Шум ветра

22
18
20
22
24
26
28
30

— Вы написали в заявлении и вот сейчас говорите, что у вас четверо детей, а по другим данным детей у вас трое.

Семерихин полез в карман за сигаретами, но не решился закурить, сунул пачку обратно.

— Один ребенок живет не с нами. Но он все равно мой, и жилплощадь ему положена.

— Где же он живет?

— Это, по-моему, никого не касается.

— Вы же знаете, что жилплощадь предоставляется только тем, кто фактически проживает в семье. Если ваш ребенок не живет с вами в старом доме, значит, вы не возьмете его и в новую квартиру.

— Что гадать о будущем? — сказал мужчина. — Вам со стороны легко судить, а вы в мою шкуру влезьте, тогда и скажете, могу я сына взять в новую семью или нет?

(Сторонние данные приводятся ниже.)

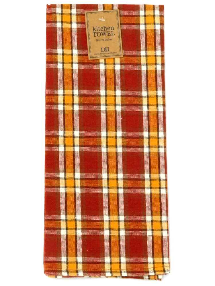 Design Imports ~ Linen Kitchen Towels 18" X 28" inches Fall Plaid...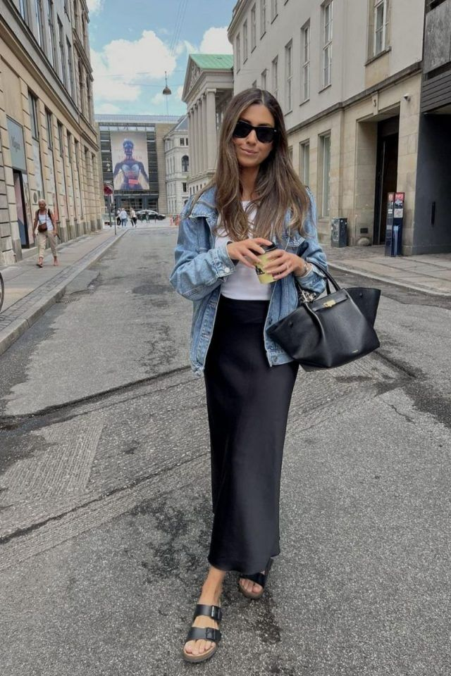 Slip skirts can read “evening.” A minimally detailed jacket (no heavy distressing) tones it down for day. Add low-profile sneakers or kitten heels, depending on your schedule.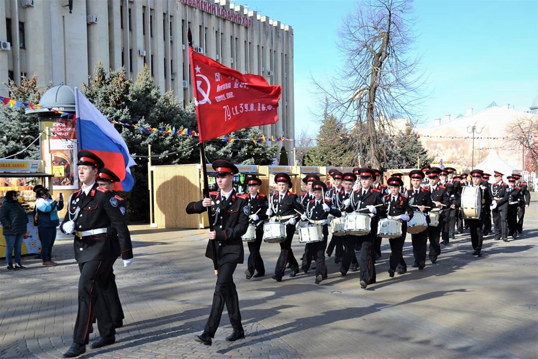 Ейские казаки-кадеты приняли участие в V Краевом смотре-конкурсе строевой казачьей и героической песни «Гром победы, раздавайся!», прошедшем в Центральном концертном зале Кубанского казачьего войска.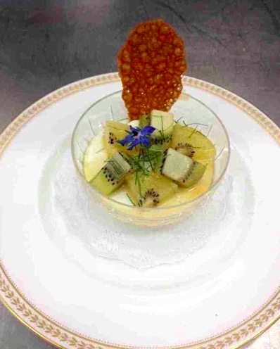 'Neudorf' Sheep Milk Yoghurt Panna Cotta with Manuka honey, kaffir lime and kiwifruit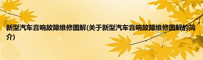 大家好,新型汽车音响故障维修图解,关于新型汽车音响故障维修图解的简介很多人还不知道,现在让我们一起来看看吧!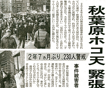秋葉原のホコ天復活は、新聞に大きく取り上げられた(1月24日付の日本経済新聞)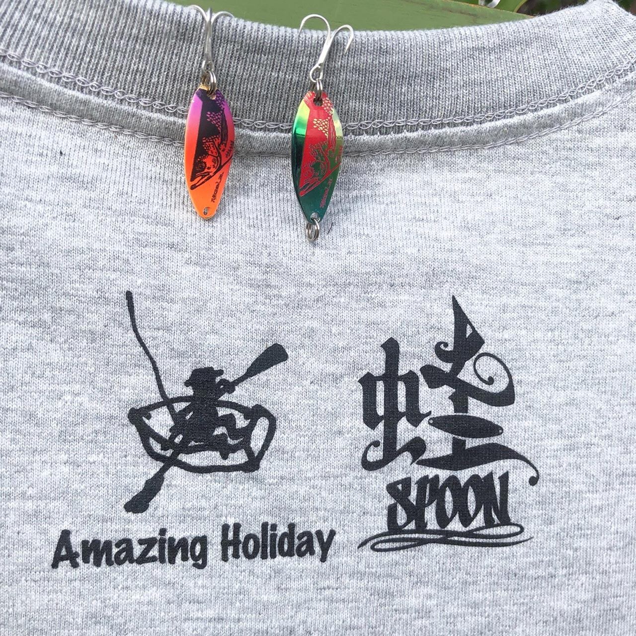 バックの襟元には、Amazing Holidayと蛙スプーンのロゴが入っています。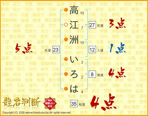 高江洲いろはさんの総運は35画の4点!

— И давно он не живет с вами?

— С самого дня рождения. Двенадцать лет собираюсь взять, и каждый раз возникают препятствия. Как ни кинь, а все выходит, лучше ему оставаться у чужих, чем ехать к родному отцу.

Семерихин снова вынул сигарету, стал мять ее пальцами.

— Разрешите? — спросил он.

— Курите, курите.

— Благодарю вас.

Зажег сигарету, глубоко затянулся. Полез в карман, вытащил платок, стал вытирать вспотевший лоб и лысину.

— Вы не думайте, что я какой-нибудь, знаете, хлюст, что ли, уклоняюсь от отцовского долга. Уверяю вас.

— Почему же вы не берете его к себе?

— Кто знает, может, и возьму.

Семерихин пытался расположить к себе собеседницу, перешел на более задушевный тон.

— У сына нет матери, умерла при родах. Мальчик остался на руках у ее сестры. Женщина бездетная, медицинский работник. Она и воспитывает его как родного. Я честно скажу, виноват перед покойной женой. Нехорошо поступил, до сих пор мучаюсь. Работал я механиком на рудниках, часто уезжал в командировку, ну и связался с одной женщиной. А жена в то время была беременная. Связала в узелок бельишко, оставила мне старшего сына и подалась на станцию в пургу и лютый мороз. Чудом живая, добралась за пятьсот верст к своей сестре, там родила и скончалась.

Он погасил окурок и закурил новую сигарету.